Fortunately, the United States Supreme Court has made clear that governments cannot escape the First Amendment by playing this kind of labeling game. Three years ago, the court held that the First Amendment applied even to expert legal advice to terrorist groups. The federal government in that case made exactly the same argument that California was making here, that such advice was “conduct,” not speech. The Supreme Court rejected that argument, though it did find that the government’s interest in combating terrorism was strong enough to uphold the law under First Amendment scrutiny.
The same reasoning applies here. Talk therapy, like other advice, consists of communication, and communication gets First Amendment protection even when the government calls it conduct.
Importantly, the plaintiffs in the California case would not have automatically won their case had the Ninth Circuit held that the First Amendment applied. Instead, the government would then have had the burden of coming forward with actual evidence that the law addressed a real problem and limited speech no more than was necessary. That burden is serious, but it is not insurmountable. It simply means that courts take free speech very seriously, and government officials must present real evidence that their restrictions are necessary to fight a real danger.
It is possible, maybe even likely, that California will be able to meet this burden with regard to its reparative therapy law. But it was the Ninth Circuit’s responsibility to ensure that the state did so, and the court failed.

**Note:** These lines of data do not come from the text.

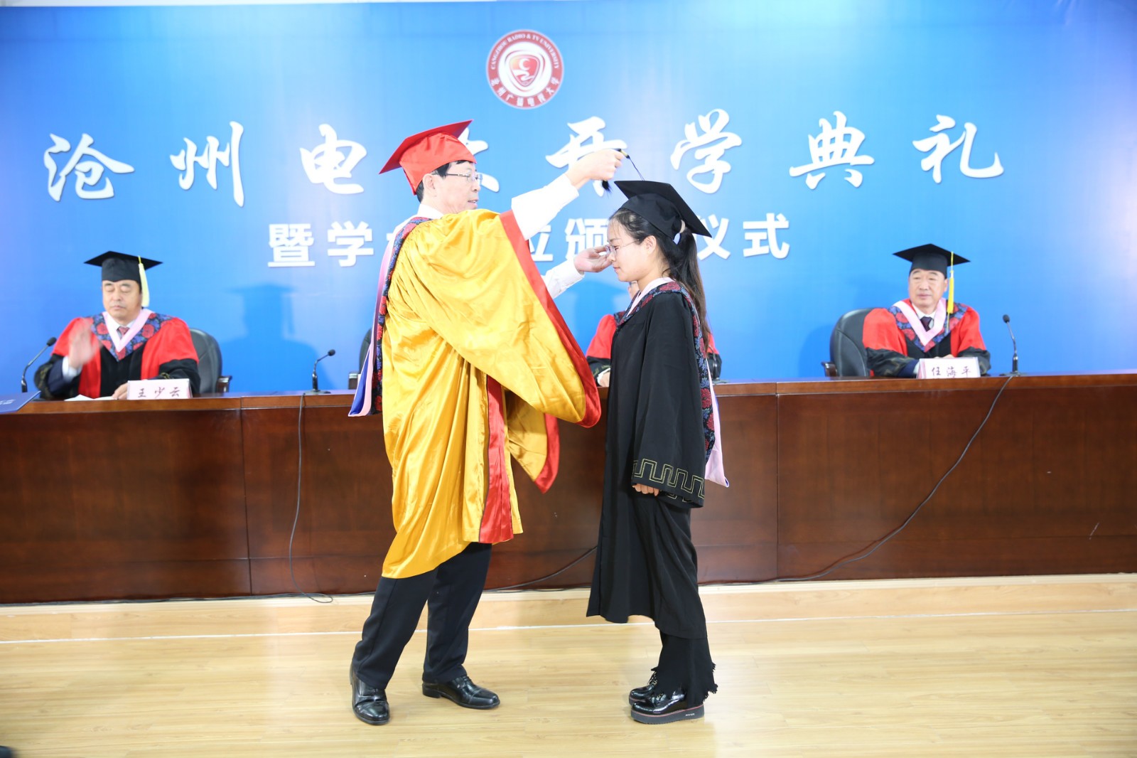 上午十點整開學典禮開始。全場高唱中華人民共和國國歌。副校長王金嶺宣讀獲得2017級學士學位名單,楊書記為每一個獲得學士學位的學員正冠、撥穗、頒發證書、合影留念。
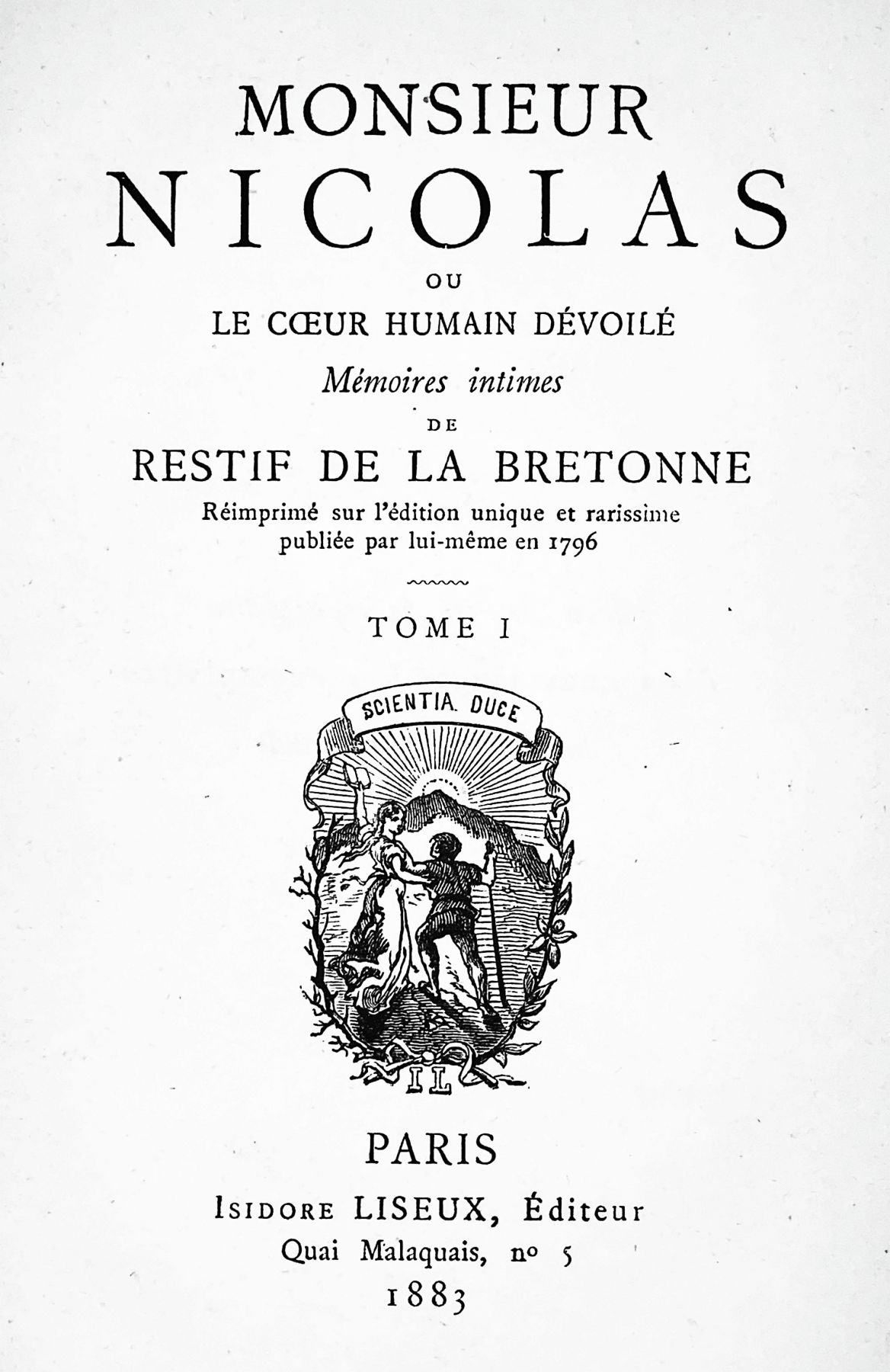 RESTIF DE LA BRETONNE Nicolas-Edme. Monsieur Nicolas, ou le Cœur humain dévoilé. Paris, Isidore Liseux, 1883; 14 volumes in-8, reliure à la Bradel toile bordeaux de l’époque, dos lisses ornés, pièces de titre et tomaison en maroquin noir, les deux plats de couvertures conservés, non rogné.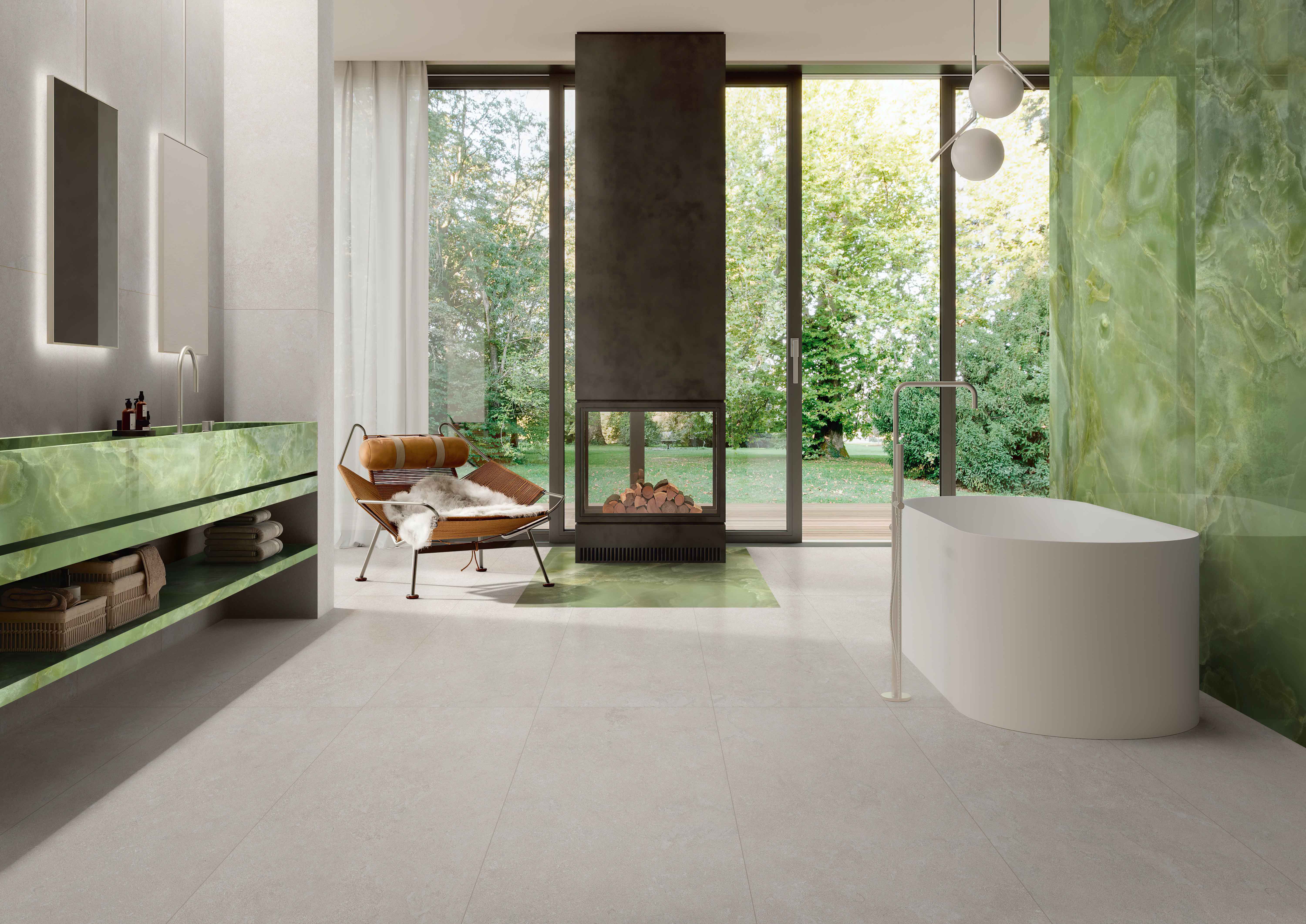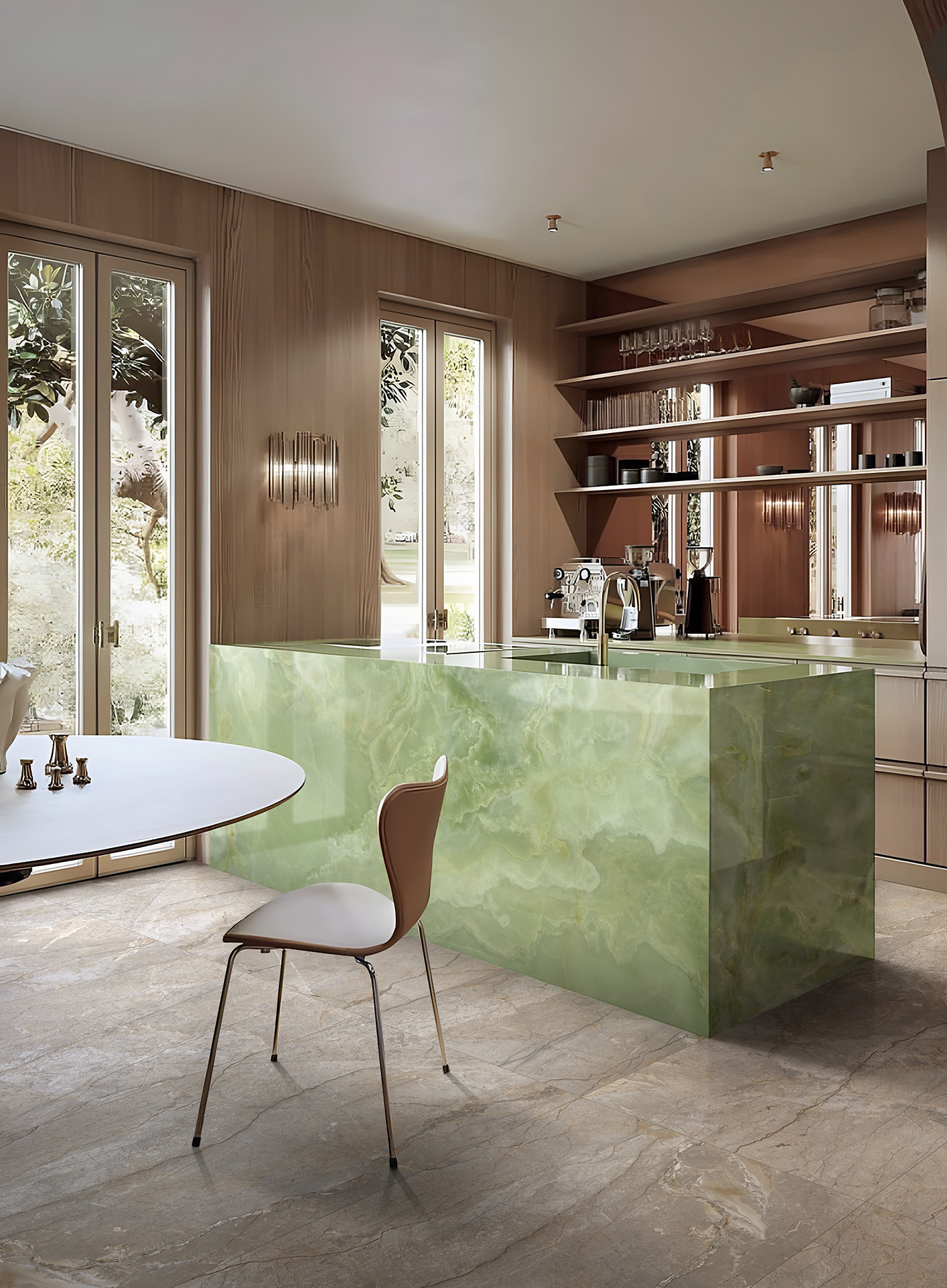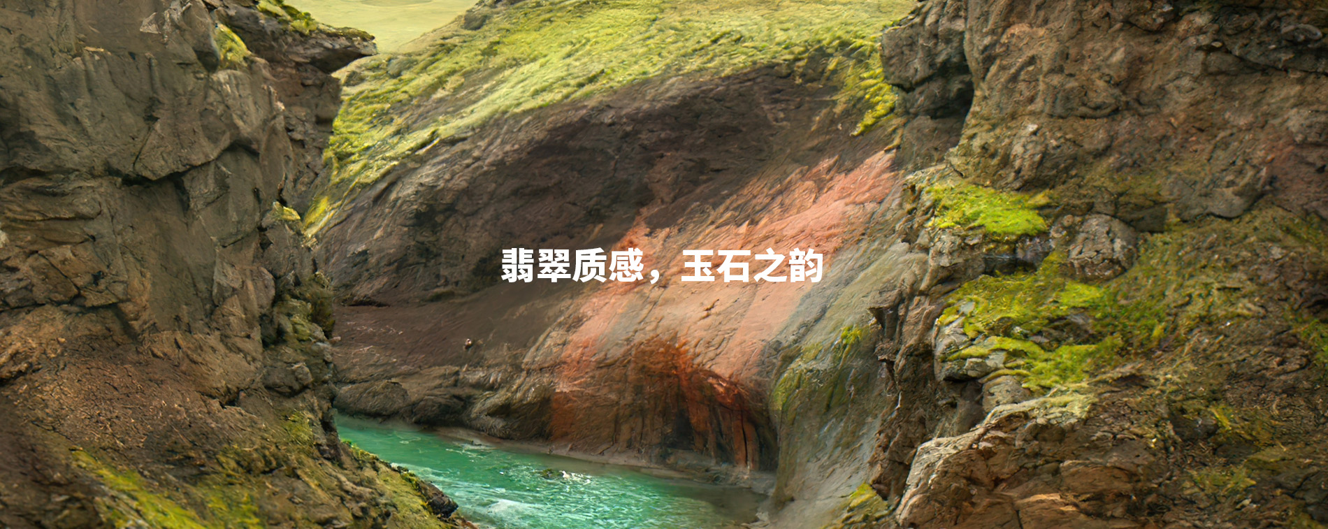 貝加爾青玉擁有翡翠般的獨特玉質,流紋、根紋、裂紋等玉石紋理層層交織其中,構筑成富有立體感與層次感的視覺效果,賦予空間豐富的意境又不失時尚格調。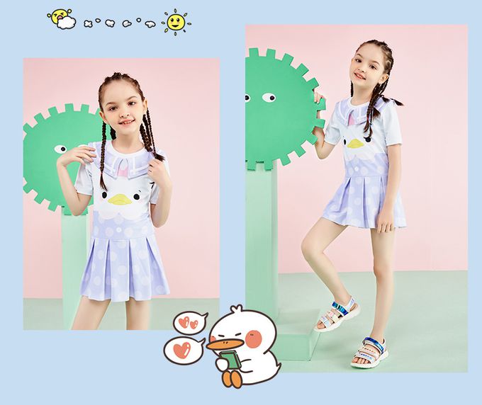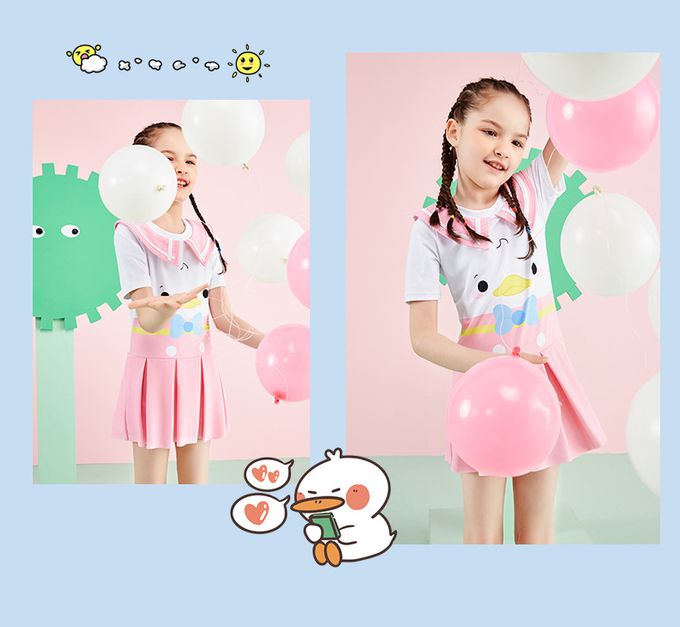 女寶小翻領短袖百褶裙連身泳衣-可愛鴨鴨-粉色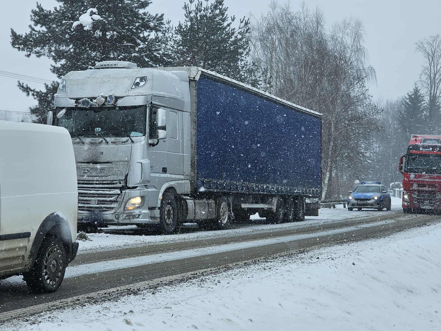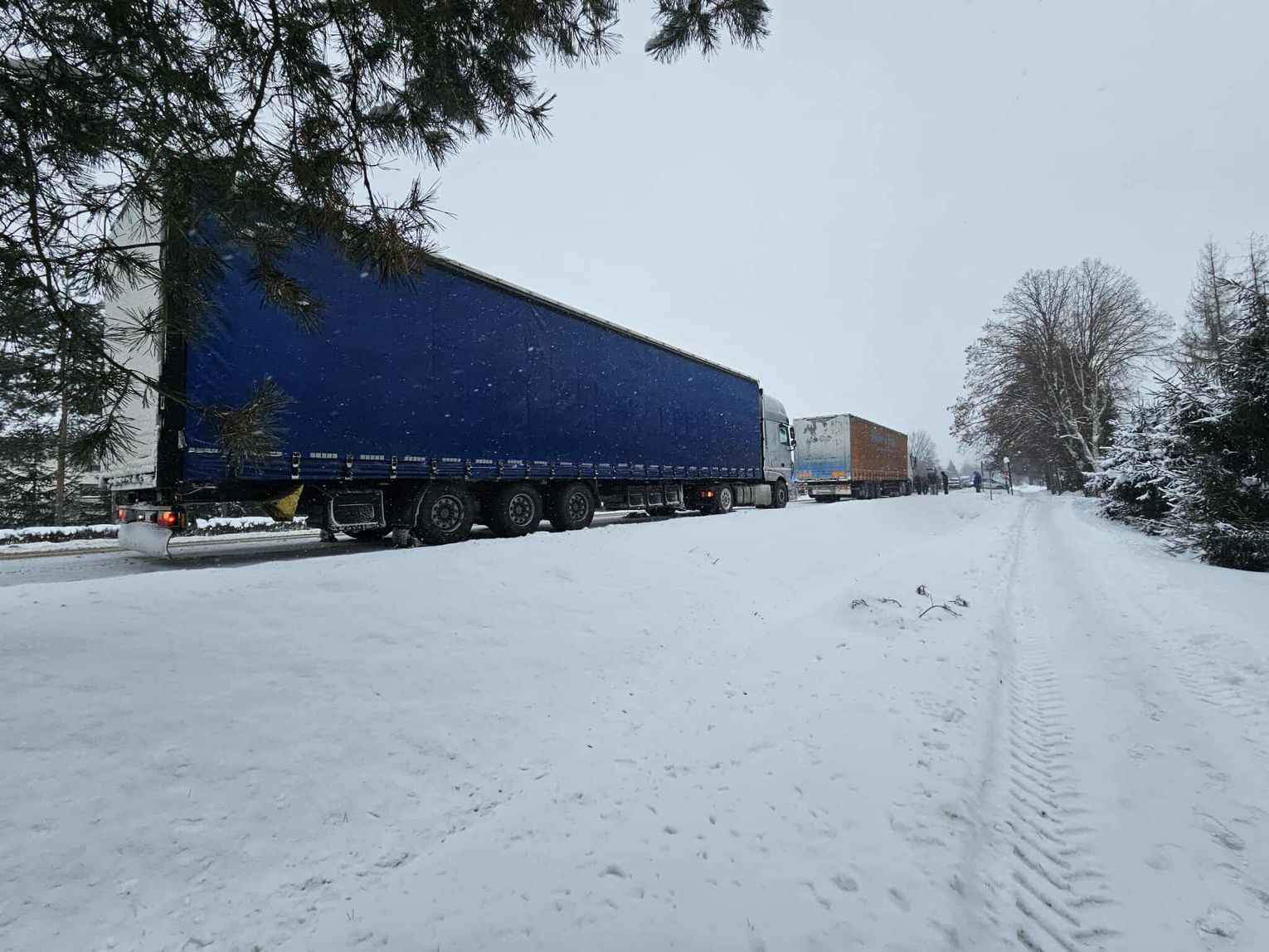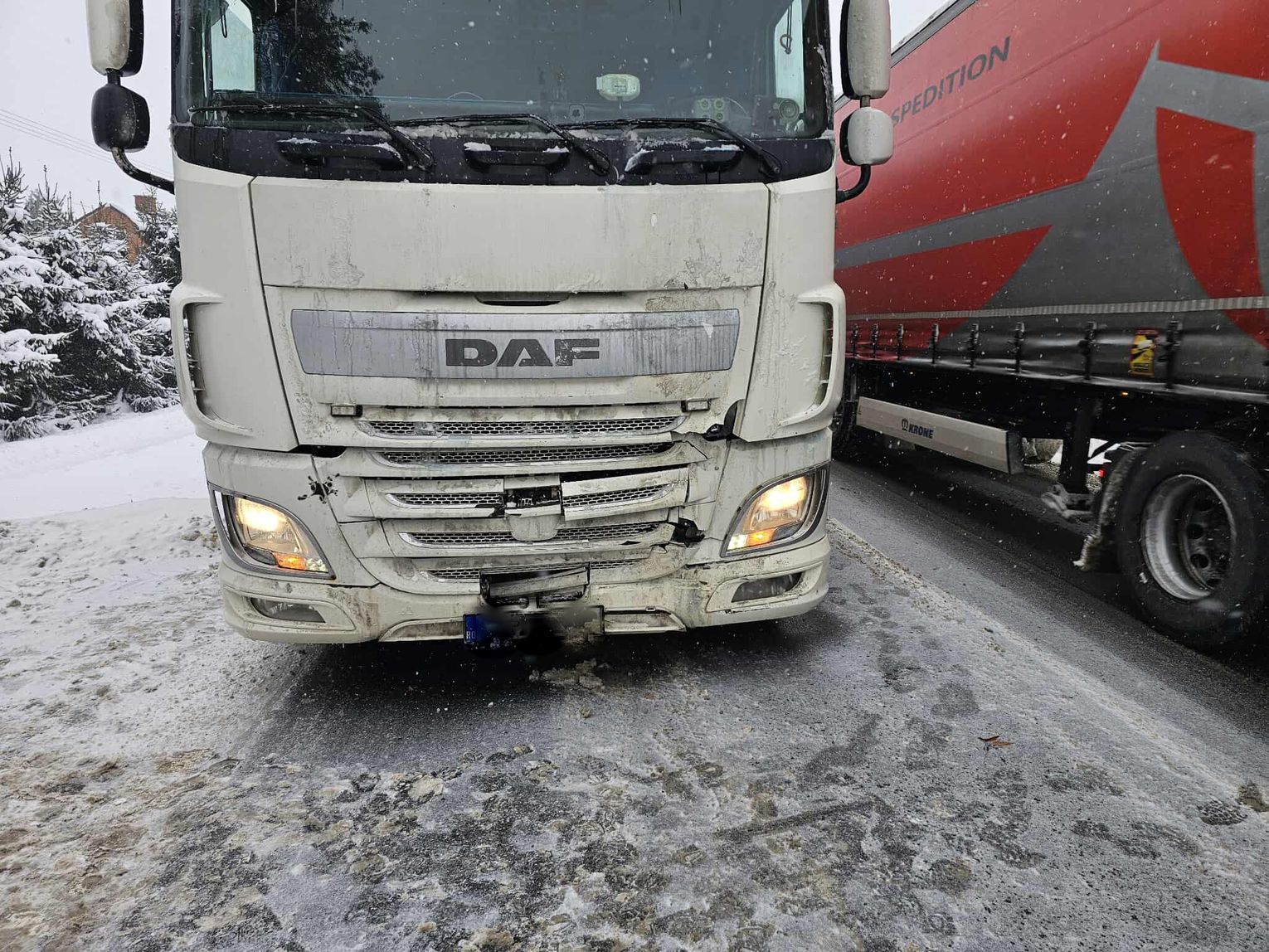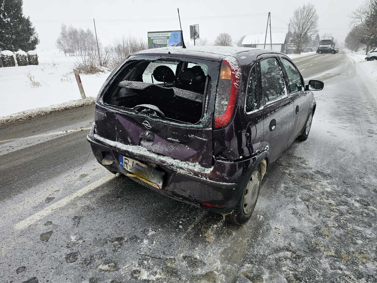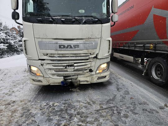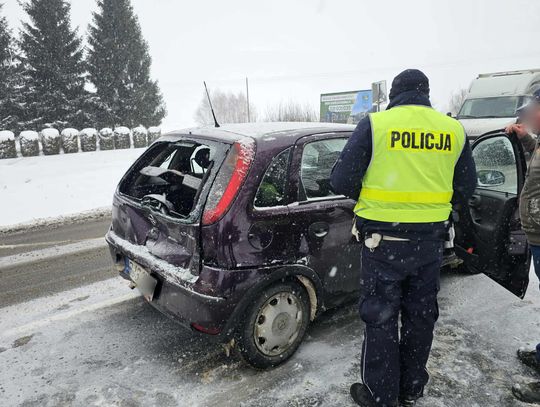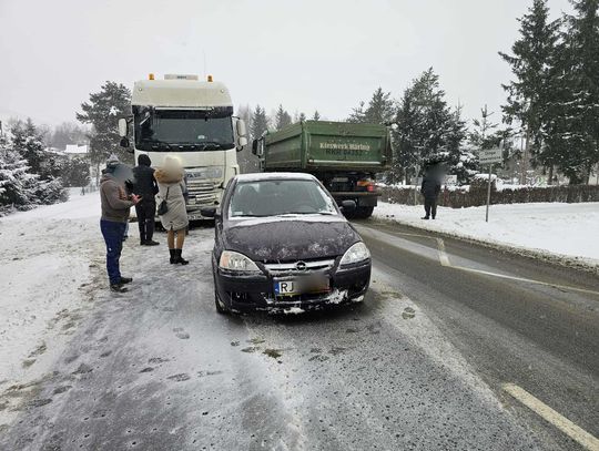 Kierująca Oplem skręcała na prywatną posesję, gdy na jej tył najechała ciężarówka. W zdarzeniu brała udział również inna ciężarówka.

Now the Ninth Circuit has a chance to correct this error. The plaintiffs in these cases have asked the court to grant a rare “en banc” rehearing, before the entire court, to reverse the panel’s ruling. Our organization has filed a brief in support of this request. The Ninth Circuit should grant the review — not for the sake of the plaintiffs, but for the sake of the thousands of other people who speak for a living and whose rights also hang in the balance here.
Paul Sherman and Robert McNamara are lawyers at the Institute for Justice, a libertarian public interest law firm.
A version of this op-ed appears in print on October 10, 2013, on page A31 of the New York edition with the headline: Protecting the Speech We Hate.